Selling sex in legal in New Zealand


Examining the effects

Something like this makes sense to me.

When "Sophie", a medical worker from Christchurch, fell behind on her mortgage payments last year, she found that her job was not paying enough. Her only option was a temporary career change: she became a prostitute.
"I needed money fast so I didn't lose my house," she explains.

A soft-spoken 30-something with a shy smile, Sophie does not look like the stereotypical scarlet woman, even in the low-cut dress she wears at work.

She does not feel like one either. "I don't drink. I don't smoke. I don't do drugs. I'm a vegetarian," she says, adding that she had qualms about her new job.

But the city centre parlour she joined - basically a pub with a sitting area at the front and bedrooms at the back - was not the drug-fuelled dive she had imagined.

"All the women here are lovely," she says. "We spend a lot of time sitting and talking.
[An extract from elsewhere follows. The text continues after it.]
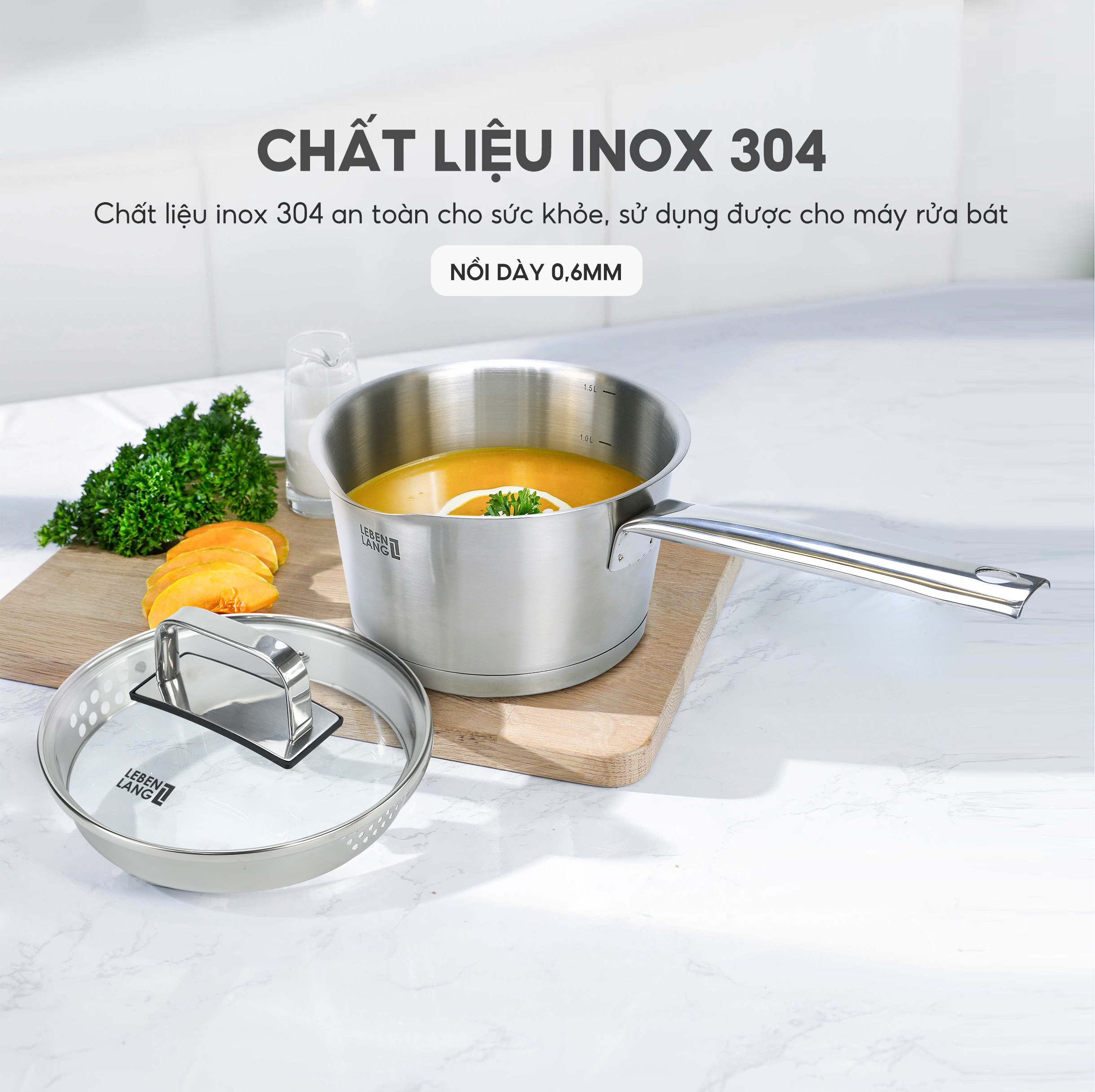 An Toàn Và Hiệu Quả: Quánh Inox 304 Vung Kính Đáy 3 Lớp Lebenlang LBL2528 là trợ thủ đáng tin cậy trong bếp của bạn. Chất liệu Inox 304 không chỉ bền bỉ mà còn an toàn cho sức khỏe của gia đình bạn.

I'll stick it out a bit longer."

Vice laws strike me as incredibly silly anyway. They won't stop the behavior, and if no one is hurt, why should it matter?

Look at almost any vice law you like, you'll find that the "problems" associated with that crime are not because of the act itself, but because it is illegal.

In this case, I don't see anything wrong, especially if the ladies are clean and disease free. Pardon, that was incredibly sexist of me. I should have said "especially if the sex workers are clean and disease free." I have no excuse and I have already been yelled at by a guest who was reading my iBook over my shoulder.

More importantly, can you spot a vice law that doesn't have a basis in religion?

It's the difference between mala prohibita laws and mala in se laws again.

Government has lousy morals and worse ethics.